Голова не болела, тошноты тоже не было, и иных признаков похмелья не наблюдалось. Чувствовалась слабость, как после болезни, несильная ломота в конечностях и ноющая боль в груди.
– Что за бред? – пробормотал Володька.
– А, очнулся! – громыхнул басовитый голос от двери автобуса, и в салон поднялся высокий старик. – Жив?

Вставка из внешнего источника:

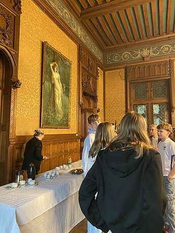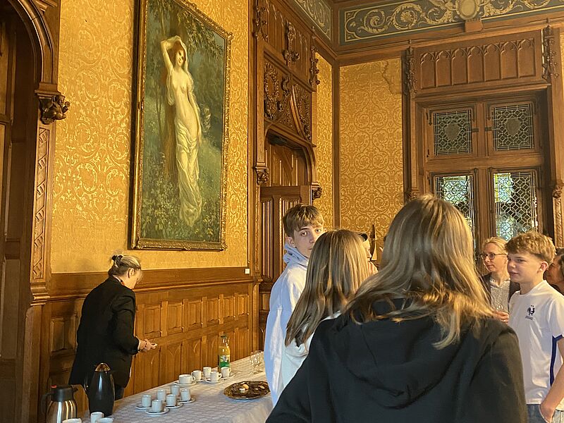 Am Donnerstag, 09.03. trafen die Gäste aus Libourne in Münster ein, die Partner aus Toulouse am Montag darauf, ein paar Koffer noch ein paar Tage später. Mit einem kurzen Empfang und Rundgang durch das Schulgebäude begann das Programm für die Gäste, bei sportlichen Spielen und einem gemeinsamen Vormittag beim Bouldern lernten sich die Austauschpartner dann näher kennen. Durch die Teilnahme am Unterricht erhielten die Gäste einen Einblick in das deutsche Schulsystem. Um einen Eindruck von der Stadt Münster und ihrer historischen Bedeutung zu bekommen, wurden die französischen Schüler*innen mit einer Stadt-Rallye durch die Münsteraner Innenstadt geführt und besuchten abschließend den Friedenssaal. Eine gemeinsame Fahrt nach Köln schließlich, mit dem Besuch des Deutschen Sport- und Olympiamuseums, der Besichtigung des Kölner Doms und der Erkundung der Stadt rundetet das Programm in Deutschland ab.
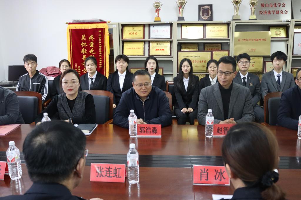 仪式上,双方代表共同探讨法律援助工作的重要性和未来发展方向。铁东区司法局局长肖冰表示,法律援助是维护社会公平正义的重要一环,经法学院与司法局的合作将为群众提供更加便捷、高效的法律援助服务。肖冰局长对经法学院在法学教育和法律服务方面取得的成就表示肯定,并承诺将全力支持法律援助工作站的建设,为加强高校法律援助志愿服务工作贡献力量。同时,司法局工作人员鼓励在场同学积极加入法律援助工作站,共同推动法律援助事业的发展。经法学院副院长邵玲代表学院全体师生对司法局各位领导的到来表示热烈欢迎,并介绍了经法学院开展法律援助的基础设施、师资队伍和学生培养等方面的基本情况。她表示,经法学院将整合现有资源,为法律援助工作站提供必要的工作场所和专业支持,并积极配合铁东区司法局的各项工作内容,确保法律援助服务的质量和效率。最后,双方就共建法律援助工作站签署合作协议并合影留念。
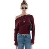 Meet your new go-to sweater for fall — the Lomehue Off-the-Shoulder Sweater, designed to channel the Y2K revival with effortless cool. This burgundy beauty combines a chic off-shoulder neckline that reveals just the right amount of skin with a body-skimming ribbed fabric that hugs your curves in all the right places. The cropped length is ideal for pairing with high-waisted jeans, trousers, or skirts, making it an easy choice for everything from coffee runs to evening outings.
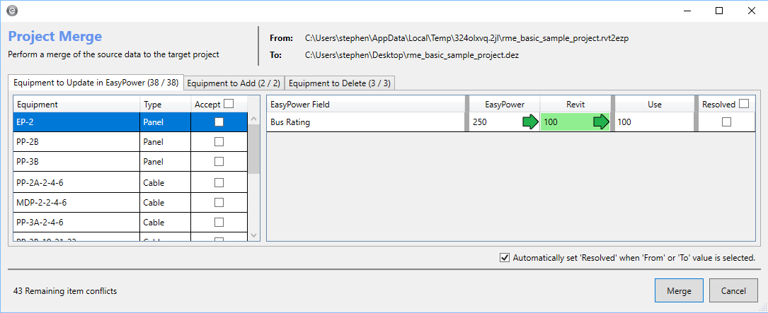 - You can merge changes from an updated Revit project to your EasyPower one-line. You have control over which data is merged and whether to use the Revit data or to retain the EasyPower data.
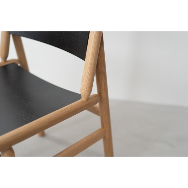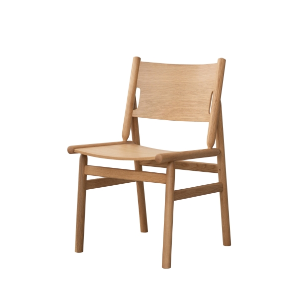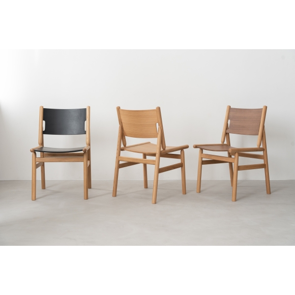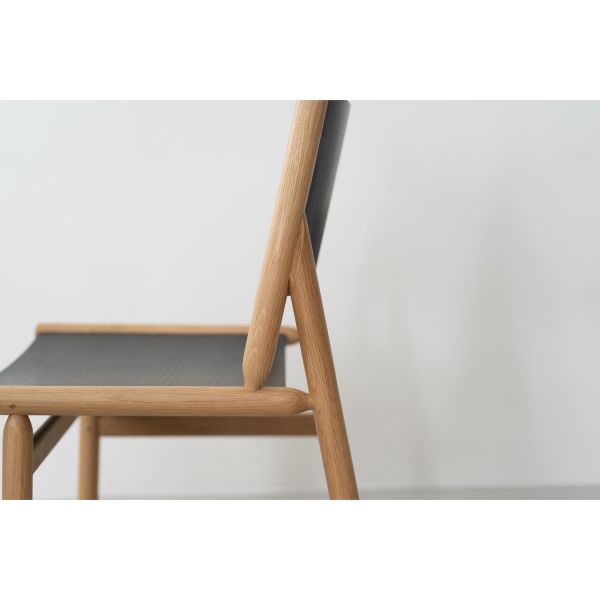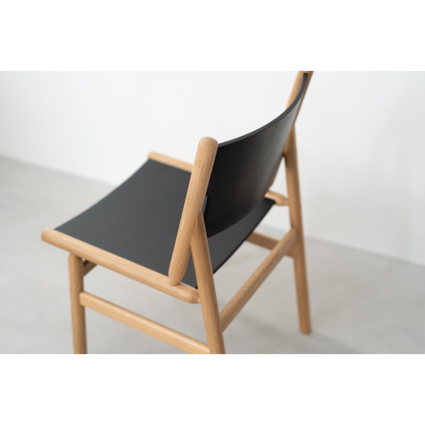 オークの丸棒と成型合板を組み合わせた独特な構造のダイニングチェア。
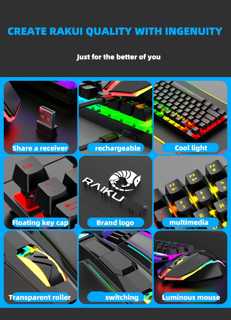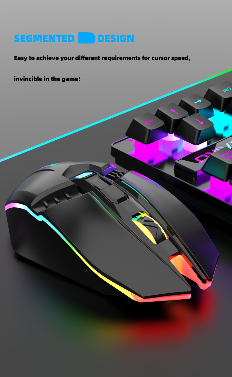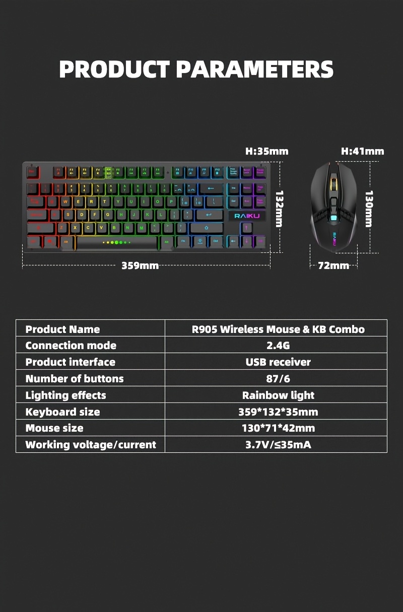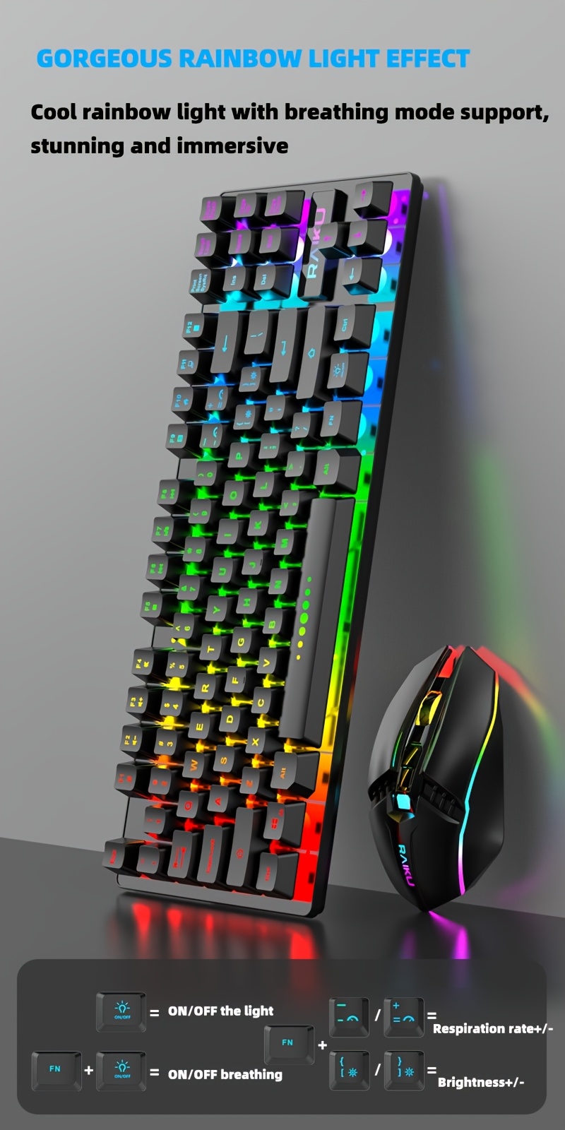 2.4G Wireless Keyboard and Mouse Set with RGB Lighting, Rechargeable Batteries, and 10m Range
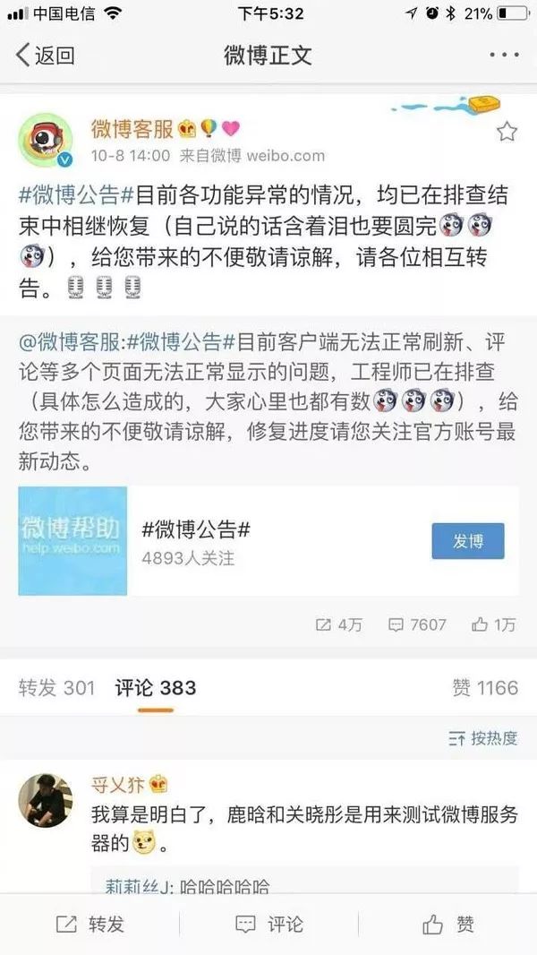 昨天中午十二点鹿晗发布一条新浪微博宣布和关晓彤的恋情,短短几个小时之后,该条微博被转发736137次、评论1913926次、点赞4179888次,短时间内疯狂上涨的数字搞垮了新浪微博的服务器。
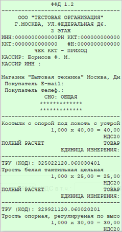 Для каждого из товаров печатается код ТРУ и сводная информация об оплате.
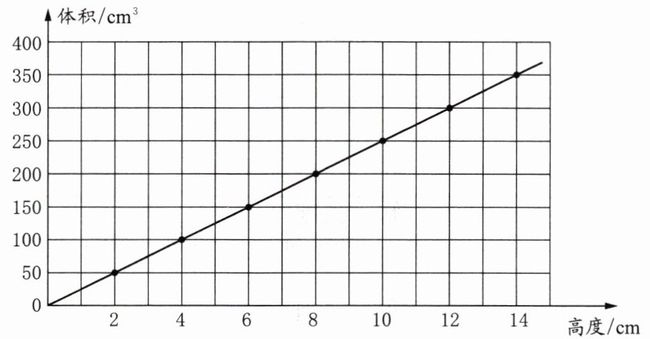 2. 小明做了一次实验,把不同数量的水倒入同样的杯子,分别测得杯中水的高度和水的体积,并画出了下面的图像。
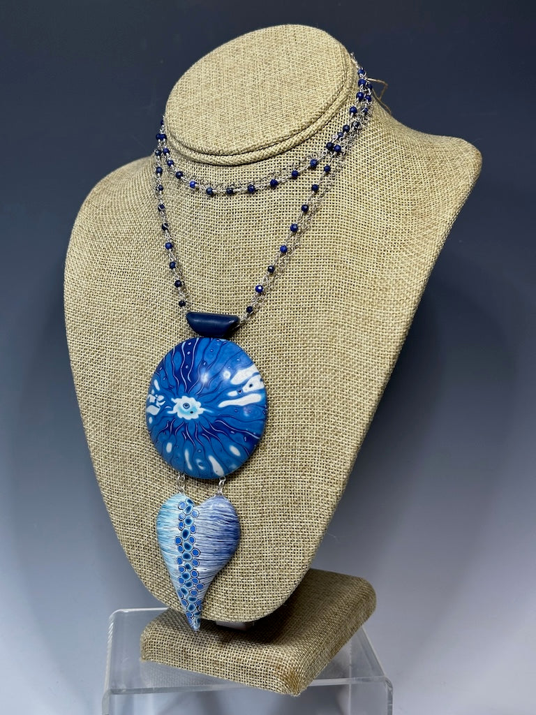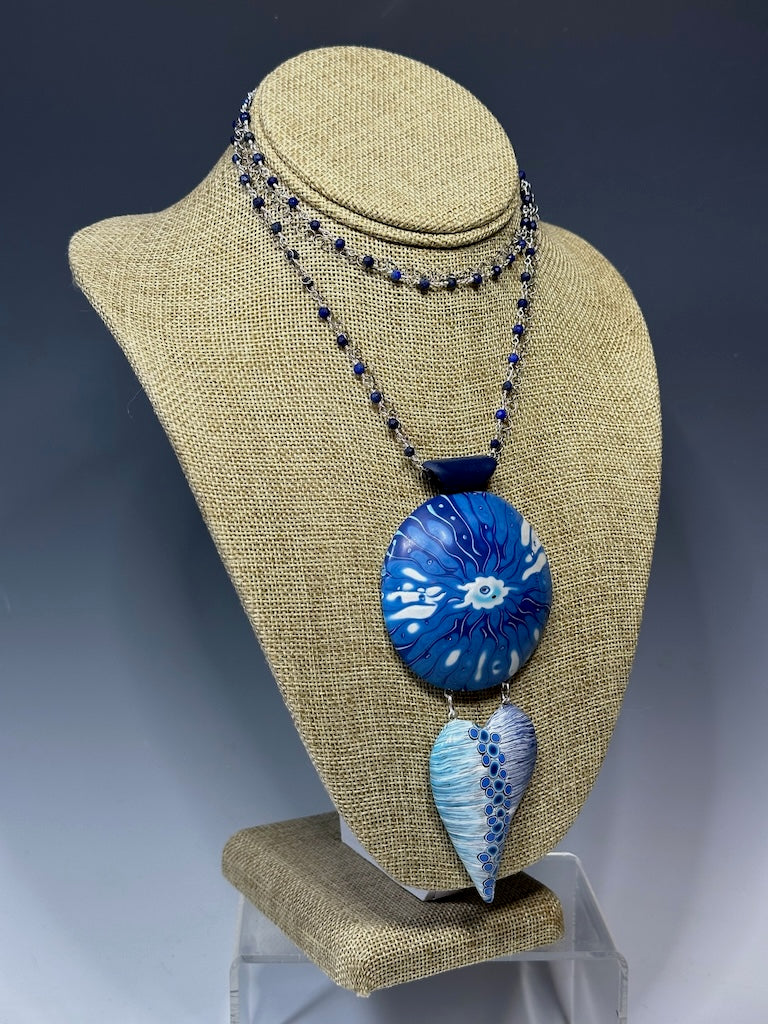 SUMMER BLUES LARGE HOLLOW BEAD PENDANT ON LAPIS AND SILVER ROSARY CHAIN DKPCN735
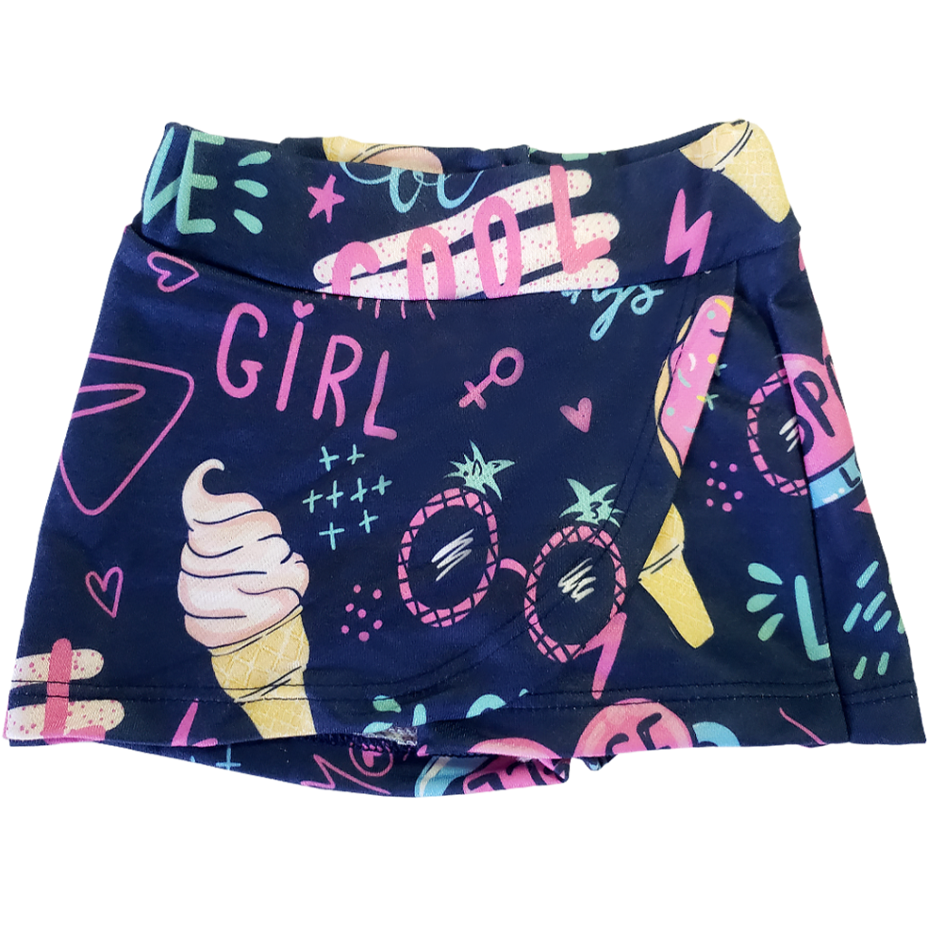 Short Saia Infantil Azul Escuro Textos e Figuras
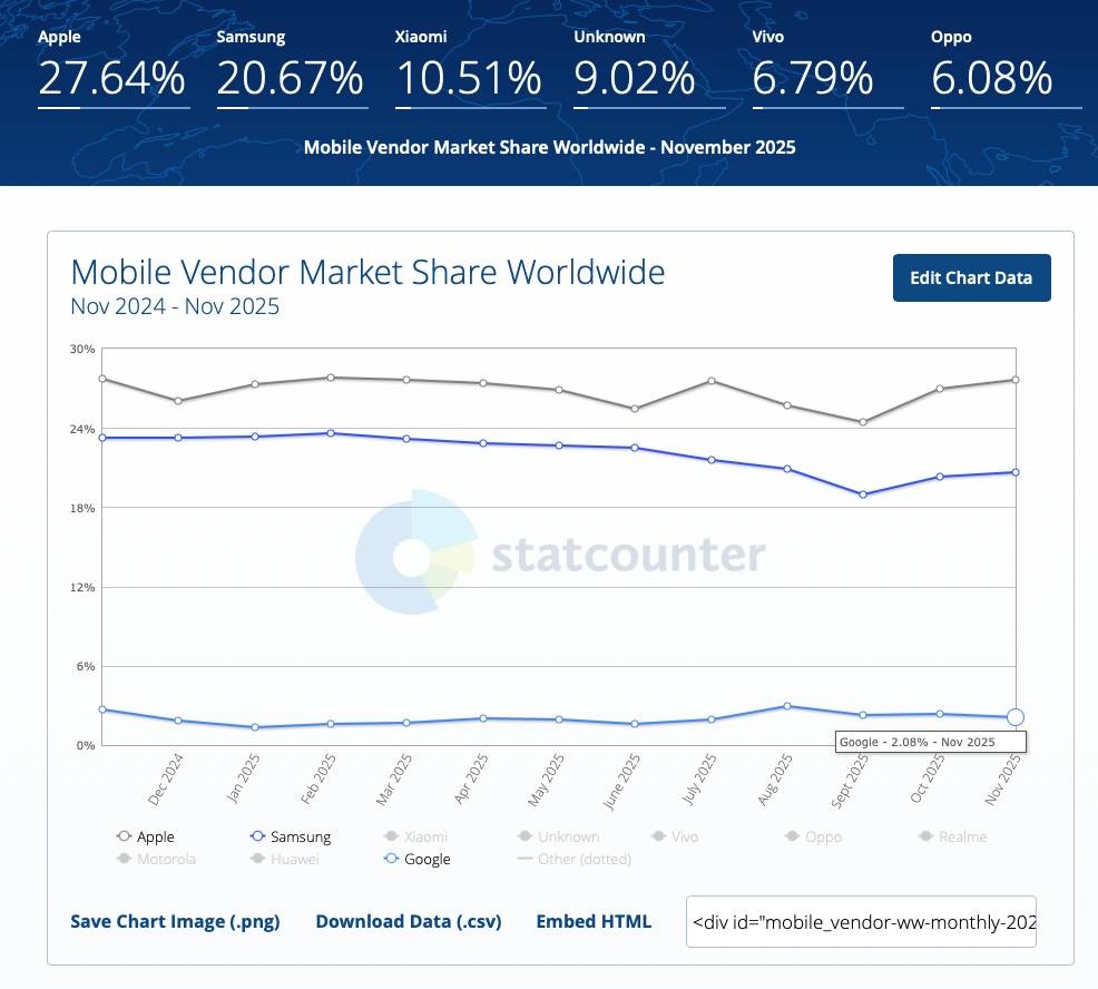 https://gs.statcounter.com/vendor-market-share/mobile/worldwide

– Жив, – осторожно ответил Володька, рассматривая собеседника: гордая осанка, широкие плечи, белая морщинистая кожа, голубые глаза, короткие седые волосы. – А вы кто? И что происходит?
– Приступ с тобой был, – пояснил старик. – Этот новый вирус гриппа… он на мозг влияет, вот и одолело тебя безумие. Под его воздействием ты ушел из дома и оказался тут, на площади Лядова.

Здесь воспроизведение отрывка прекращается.